Anchor: The base sentence or phrase

Positive: A semantically similar phrase

Negative: A semantically absurd or unrelated phrase

AnchorPositiveNegative
tuberculosisLung infectiontest tube accident 
cardiac arrestheart attackcardi b arrest
asthmarespiratory conditionSpiritual awakening 
Samples From my test dataset

The goal is to push the anchor close to the positive and far from the negative in embedding space.

TripletLoss = max (d (a , p) − d (a , n) + margin , 0 )

a = anchor vector
p = positive vector (should be close to
anchor)
n = negative vector (should be far from
anchor)
d(x,y) = cosine distance
margin = a buffer that forces the negative to be not just farther, but significantly farther

What is Cosine Similarity?

Cosine similarity is a measure of how similar two vectors are — based on the angle between them rather than their magnitude. In the context of NLP, vectors represent words or sentences as embeddings.

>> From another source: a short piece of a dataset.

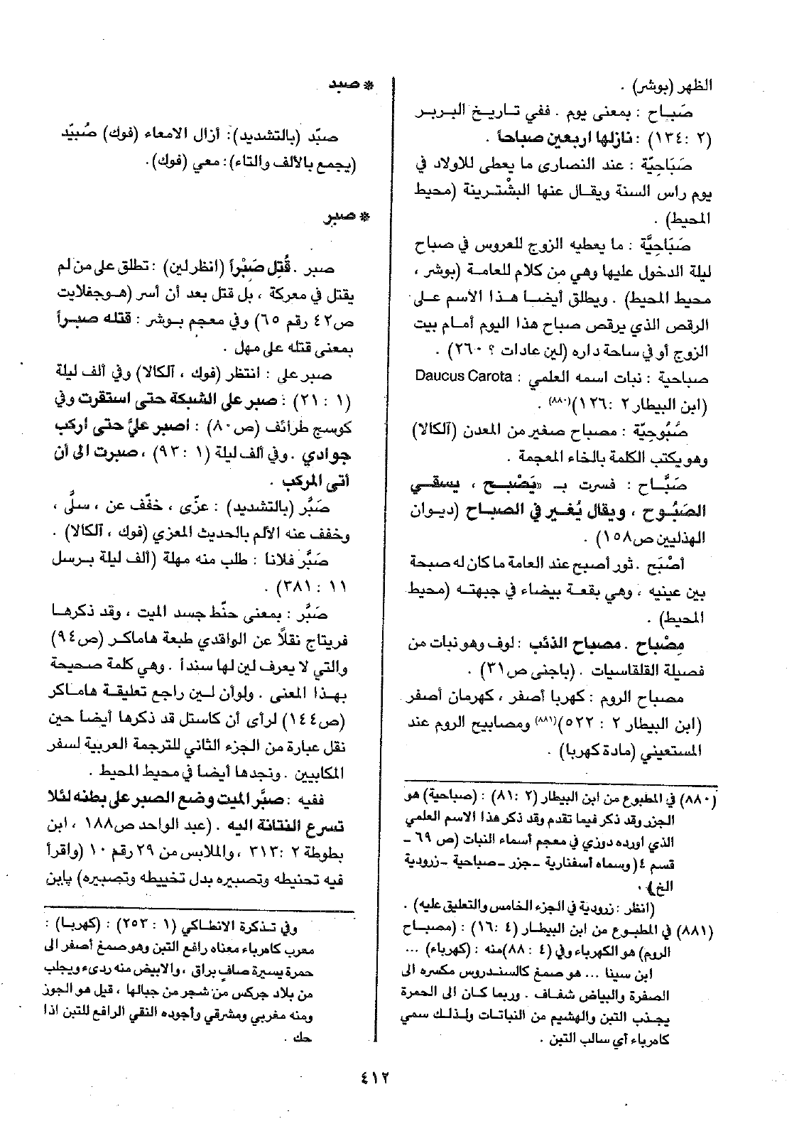 صباحية: نبات اسمه العلمي: Daucus Carota ( ابن البيطار 2: 126).
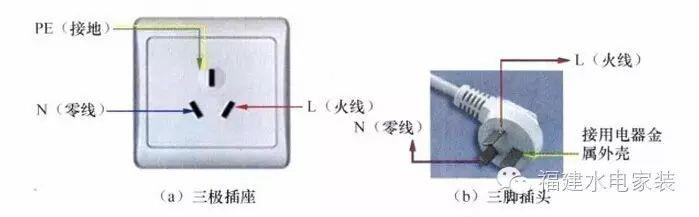由图可见,三极插座下方的两孔分别接火线和零线,上方的另一个孔一与大地相接。

  Cosine Similarity (A.B) =   A.B / ||A||.||B||

CosineDistance(A,B) = 1 − CosineSimilarity(A,B)

What is Margin?

The margin is a safety cushion.

If margin = 0.2, then even if the negative is slightly farther than the positive, the model still gets a penalty unless it’s at least 0.2 farther.

Testing The accuracy
TEST-SET(click on test set see set)

We ran each model over a set of ~50 curated triplets

Calculated:

Anchor–Positive distance (AP)

Anchor–Negative distance (AN)

Triplet loss

Visualized both individual performance per triplet and overall averages

(“asthma”, “respiratory condition”, “spiritual awakening”),

(“pneumonia”, “lung infection”, “foggy window”),

# General & Internal Medicine

(“diabetes”, “high blood sugar”, “candy addiction”),

(“arthritis”, “joint inflammation”, “rusty hinge”),

50+ such examples

Results:

less the cosine distance more accurate the understanding of the context AP need be less as we can see of SBERT & USE is less where FASTTEXT is keep messing up

Using PCA, we visualized where each model placed the anchor, positive, and negative in space.
Insert 2D scatter plot
You can actually see the anchor and positive clustering together especially in SBERT’s case while the negative floats far away. In below image

for better understanding you can see the Euclidean distance where anchor & positive are relatively closer than negative (SBERT)
The USE is also able to classify the hard medical terminology quite precisely like diabetes= high blood sugar not a candy addiction
On the other hand the Fasttext basically classified it at same place like cardiac arrest = heart attack = cardi b arrest which is wrong

Triplet Example wise Score :

the SBERT ,USE performed efficiently if we not consider 2-3 examples where fasttext not able to understand any of context (just understood characters hierarchy & similarity)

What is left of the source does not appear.